Zobacz wideo Kto zdobędzie Złotą Piłkę? Raphinia czy Yamal? "On jest kozakiem"

LeBron James i Luka Doncić poza play-offami. Blamaż Los Angeles Lakers w NBA

Lakers wysoko przegrali pierwszy mecz, wyrównali stan rywalizacji po drugim, a w dwóch kolejnych ulegli Timberwolves kolejno dwunastoma i trzema punktami. Przed własną publicznością w nocy ze środy na czwartek walczyli o utrzymanie się w grze i byli faworytami tej potyczki. 

Jednak już w pierwszej kwarcie przegrali dziewięcioma punktami, a w drugiej goście dołożyli jeszcze jeden punkt przewagi. Po długiej przerwie Lakers wzięli się za odrabianie strat i przed ostatnią odsłoną tablica wyników wskazywała 80:81 na ich niekorzyść.

W ostatnich 12 minutach kluczowe okazały się wydarzenia od wyniku 88:88. Wówczas goście zdobyli pięć kolejnych "oczek", James trafił za trzy punkty, a następnie łatwych rzutów spod kosza nie trafili Doncić i Austin Reaves. Gospodarze faulowali, próbowali rozwiązywać akcje kolejnymi próbami za trzy, ale finalnie nie dali rady. Timberwolves wygrali 103:96.

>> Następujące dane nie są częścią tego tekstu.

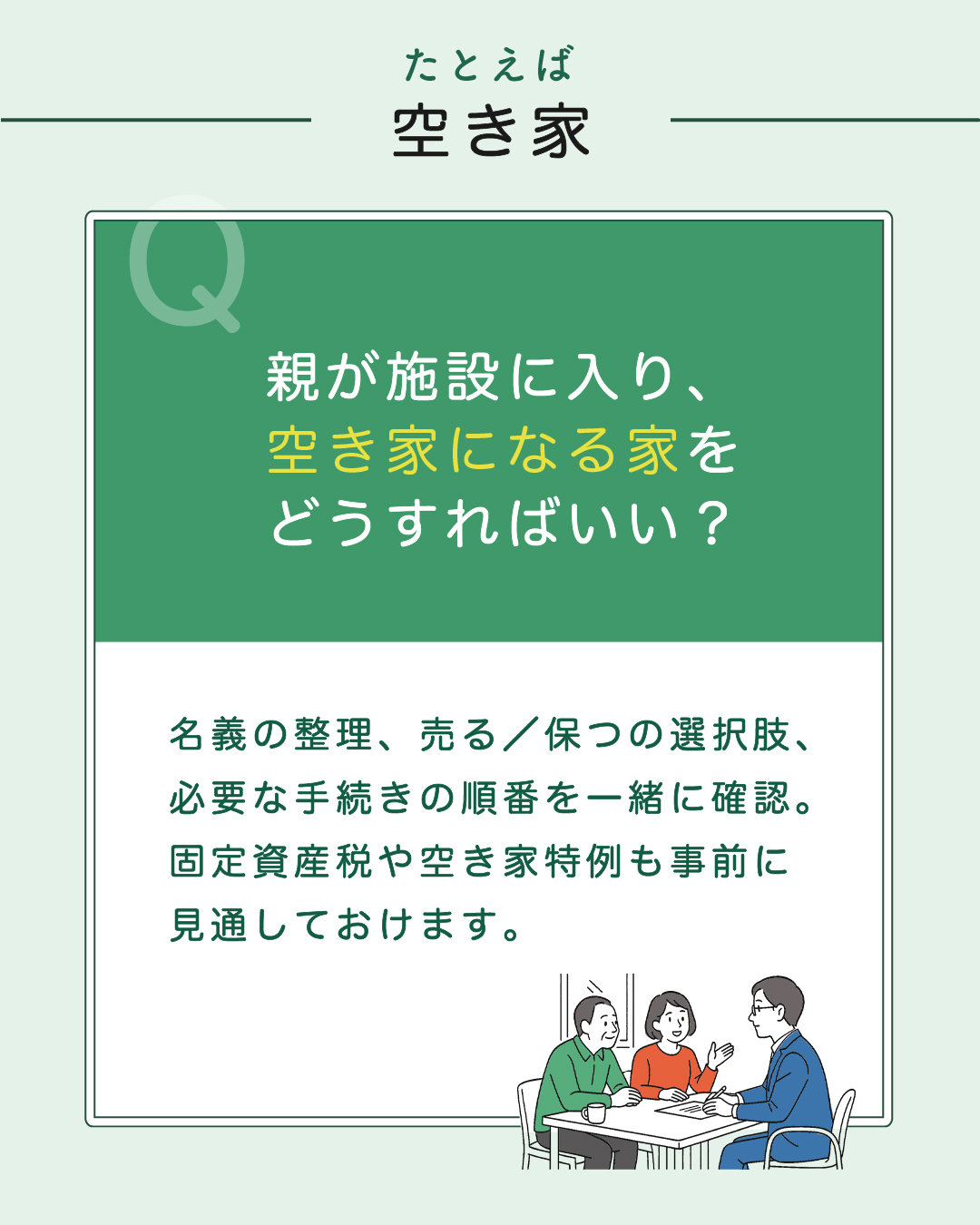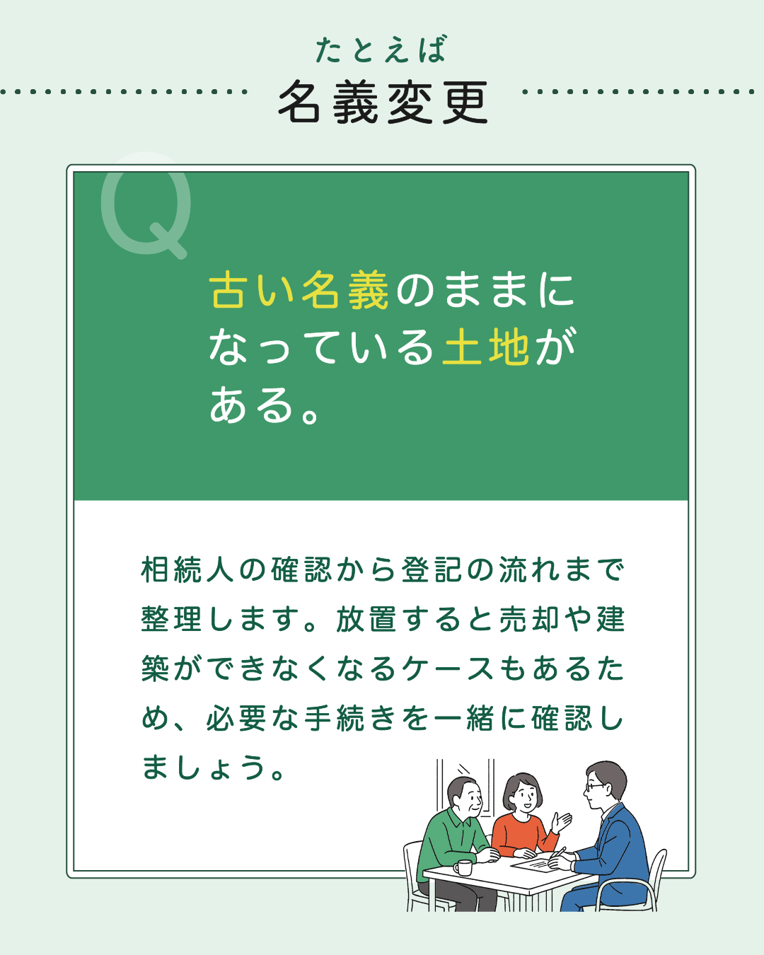 相続の準備や、名義変更・遺産分割・空き家の活用など、

W ekipie Lakers znów problemem okazały się krótka ławka rezerwowych i brak klasowego podkoszowego. Doncić z Jamesem zagrali po 40 minut i zdobyli kolejno 28 i 22 punkty, a 23 "oczka" dorzucił Rui Hachimura. Dla porównania Rudy Gobert miał na koncie 27 punktów i kompletnie dominował w "pomalowanym" - miał 24 zbiórki. Francuz tylko w ofensywie zaliczył dziewięć zbiórek, czyli więcej niż ktokolwiek z drużyny z Los Angeles w całym meczu

W serii zespół z Minneapolis wygrał więc 4:1 i zakończył sezon faworyzowanym Lakers z Donciciem i Jamesem na pokładzie. Serbsko-amerykański duet na zwojowanie ligi będzie musiał poczekać więc do kolejnego sezonu, a Anthony Edwards i jego świta w II rundzie zmierzą się z triumfatorami rywalizacji pomiędzy Houston Rockets a Golden State Warriors. Dzisiejszej nocy mecz wygrał zespół z Teksasu i w serii przegrywa 2:3.